Claude: I like to compare lighting to painting, white canvas to smoke. The blank canvas will eventually be filled with paint, but if the canvas is of poor quality or has holes in it, the result will be bad. In the art of lighting, a beautiful fog is our blank canvas; if it is of such good quality that we forget about it, then it's perfect. Fog is there to sublimate the light, not to take the lead. MDG gives us this perfect quality – a homogeneous haze, that is fine and controllable and not too heavy, which allows us to express ourselves - our perfect blank canvas!
The Strokes © Jessica Saval
MDG: What tours and shows have you designed using MDG products?
Claude: Before the pandemic I was on tour with Gesaffelstein and The Strokes, and I had just finished touring with Phoenix a few months before the pandemic hit. Gesaffelstein’s show at Ultra Miami was cancelled, as was the summer tour in the US and a date at the Paris Arena in September.
I should have started the Boys Noize and SebastiAn tours in 2020 - SebastiAn’ tour was already programmed - but COVID closures led me, like many of us, to work on livestreams instead. I found I really liked this new aspect! I’ve worked remotely on Future Islands’ livestream, designed the ARTE festival in Paris with headliners, Sébastien Tellier, Yelle et Lous and The Yakuza, and I am currently working on a special livestream for Brodinski.
MDG accompanied me on all of these projects. While I am very flexible about the lighting fixtures offered by vendors - I understand the difficulty of constantly investing in high-end products under pressure from designers – I still ask for MDG as much as possible for the fog! It is the best haze on the market and easy for our techs to use and maintain on tour.
MDG: Which were your favourite shows and why?
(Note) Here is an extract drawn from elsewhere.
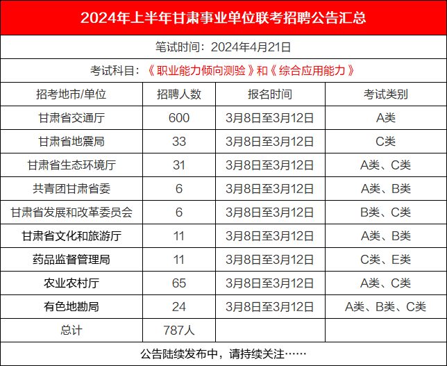 扫码加入甘肃事业单位备考群 根据《事业单位公开招聘人员暂行规定》(人事部令第6号)、《甘肃省事业单位公开招聘人员暂行办法》(甘办发〔2011〕22号)和省人社厅《关于做好甘肃省2024年上半年事业单位公开招聘分类考试公共科目笔试服务有关工作的通知》(甘人社通〔2024〕76号)精神,省交通运输厅所属21个事业单位2024年度面向社会公开招聘事业编制工作人员600名。现将有关事项公告如下: 一、招聘条件 (一)具有中华人民共和国国籍。 (二)拥护中华人民共和国宪法,拥护中国共产党领导和社会主义制度。 (三)具有良好的政治素质和道德品行。 (四)具有正常履行职责的身体条件和心理素质。 (五)具有符合岗位要求的工作能力。 (六)具备岗位所需的学历、专业及技能条件。其中,应聘人员毕业证上标注的学历及专业应当与招聘岗位要求的学历及专业一致。 (七)本科及以下学历年龄为1988年3月至2006年3月期间出生,硕士研究生、博士研究生年龄为1984年3月以后出生,2024年普通高校毕业生不受年龄限制。取得多个层次学历的应聘人员,按照与招聘岗位所要求的学历和专业相符的年龄报名。 (八)具备岗位所要求的其他资格条件。 《甘肃省交通运输厅所属事业单位2024年度公开招聘工作人员岗位列表》(以下简称《岗位列表》)按照国务院学位委员会、教育部《关于印发<学位授予和人才培养学科目录(2011年)>的通知》(学位〔2011〕11号)(研究生层次“学位授予和人才培养学科目录”按照教育部2018年4月更新目录执行)、《教育部关于印发<普通高等学校本科专业目录(2012年)><普通高等学校本科专业设置管理规定>等文件的通知》(教高〔2012〕9号)、《教育部关于公布2019年度普通高等学校本科专业备案和审批结果的通知》(教高函〔2020〕2号)、《教育部关于公布2022年度普通高等学校本科专业备案和审批结果的通知》(教高函〔2023〕3号)、《教育部关于印发<普通高等学校高等职业教育(专科)专业设置管理办法>和<普通高等学校高等职业教育(专科)专业目录(2015年)>的通知》(教职成〔2015〕10号)规定的规范称谓表述。国内外相近专业、高校自设专业、专业硕士由省交通运输厅招聘工作领导小组研究审定后,纳入招聘范围。如果应聘人员所学专业属毕业院校自设专业,须由应聘人员毕业院校开具说明,认定所学的专业属于岗位要求的专业类,并附本人所学课程成绩单,在资格复审时一并提供审核。具体招聘岗位及招聘条件见《岗位列表》。 因犯罪受过刑事处罚的人员、被开除中国共产党党籍的人员、被开除公职的人员、被依法列为失信联合惩戒对象的人员,在国家法定考试、各级公务员及事业单位招考中被认定有舞弊等严重违反录用纪律行为的人员,以及法律法规规定不得报考的其他情形的人员,不得报考。 二、报名 报名采取网上报名的方式,应聘人员在网上申请报名,招聘单位在网上进行资格初审。 (一)岗位查询 应聘人员请登录省交通运输厅网站(www.gsjt.gov.cn)或甘肃省人力资源和社会保障厅网站(http://rst.gansu.gov.cn/)“人事考试”专栏“事业单位公开招聘考试”列表,认真阅读公告内容及其他有关政策规定,查阅《甘肃省交通运输厅所属事业单位2024年度公开招聘工作人员岗位列表》(附件1),详细了解有关信息,确定应聘岗位。 (二)报名 网上报名时,应聘人员应当仔细阅读《诚信承诺书》《报考指南》等内容,报名使用的身份证必须在有效期内,且与考试时使用的本人有效居民身份证一致。 1.提交报考申请。本次报名采取网上报名方式进行,参加甘肃省2024年上半年事业单位公开招聘分类考试集中统一报名,每名应聘人员限报一个招聘单位的一个岗位。 报考申请提交时间为2024年3月8日(星期五)9∶00至3月12日(星期二)18∶00。 应聘人员需登录“甘肃人事考试网”(http://ks.rst.gansu.gov.cn),进入 “网上报名”栏目,点击“甘肃省2024年上半年事业单位公开招聘分类考试(省直)”,使用本人正确手机号码(招聘期间需保持畅通)进行用户注册,注册时必须准确填写本人姓名和身份证号(报名与考试时使用的本人有效居民身份证件必须一致),并妥善保管用户名和密码。上传经“照片处理工具”软件审查后自动生成的照片,照片上传成功后无法修改。 网上报名时,应聘人员提交的报考信息和材料必须真实、准确、有效,并且符合选报岗位的报考条件,否则造成的后果由应聘人员本人承担。对伪造、变造、冒用有关证件、材料骗取考试资格的、恶意注册干扰正常报名秩序的,按照《事业单位公开招聘违纪违规行为处理规定》(人社部令第35号)的有关规定严肃处理,所缴费用不予退还。 网上报名期间,应聘人员如咨询岗位要求的专业、学历、资格条件等事项,请直接与招聘单位联系;报名技术咨询,请与省人力资源考试中心联系。各单位联系方式详见公告最后部分。 2.网上资格审核。网上报名资格初审工作由各招聘单位根据本公告要求和招聘岗位条件,对应聘人员进行资格初审。 3.查询资格审核结果。应聘人员可于2024年3月8日(星期五)9∶30至3月13日(星期三)18∶00期间登录报名系统查询资格初审结果。已通过资格初审的,不能再改报其他岗位,3月12日(星期二)18∶00前未通过初审的,可补充完善信息或改报其他岗位。 如应聘人员在最后一天报名,因审查不通过导致无法改报其他岗位的,责任由

Claude: My top moment was when I got the chance to work on the Phoenix World Tour from 2017 to 2019. This was an incredible technical challenge, involving a mirror that weighed several tons suspended above the band’s heads, tilted at 45 degrees. It was an amazing visual experience, as well as posing huge logistical constraints to replicate this all over the world, from small American clubs to the biggest global festivals. It was also a favourite because, for me, Phoenix are the best band ever, incredibly kind and passionate, just like their crew.
Other recent shows which have amazed me were The 1975 by Tobias Rylander, The XX by Michael Straun, Tame Impala by Rob Sinclair and Marilyn Manson by Nico Riot. All are perfect, from the music and lighting, right through to the set design. In all these shows the fog is extremely important and well managed. Agreed, all these tours have big budgets, but that doesn't take away the talent!
Phoenix at Shaky Knees, Atlanta © Alive coverage / Phoenix © Fujifilmgirl
MDG: What does the future hold for you?
Claude: It depends on the what happens with Covid of course, but I'm quite optimistic, and we all want concerts back! I may work on more livestreams because I really liked the new challenge, and the working conditions are better than a festival! But there is nothing better than the energy of the crowd during a live show. It has never occurred to me to change jobs. Lighting is my passion and I hope bands will always be there to give me the opportunity to continue expressing myself. There is still so much to do!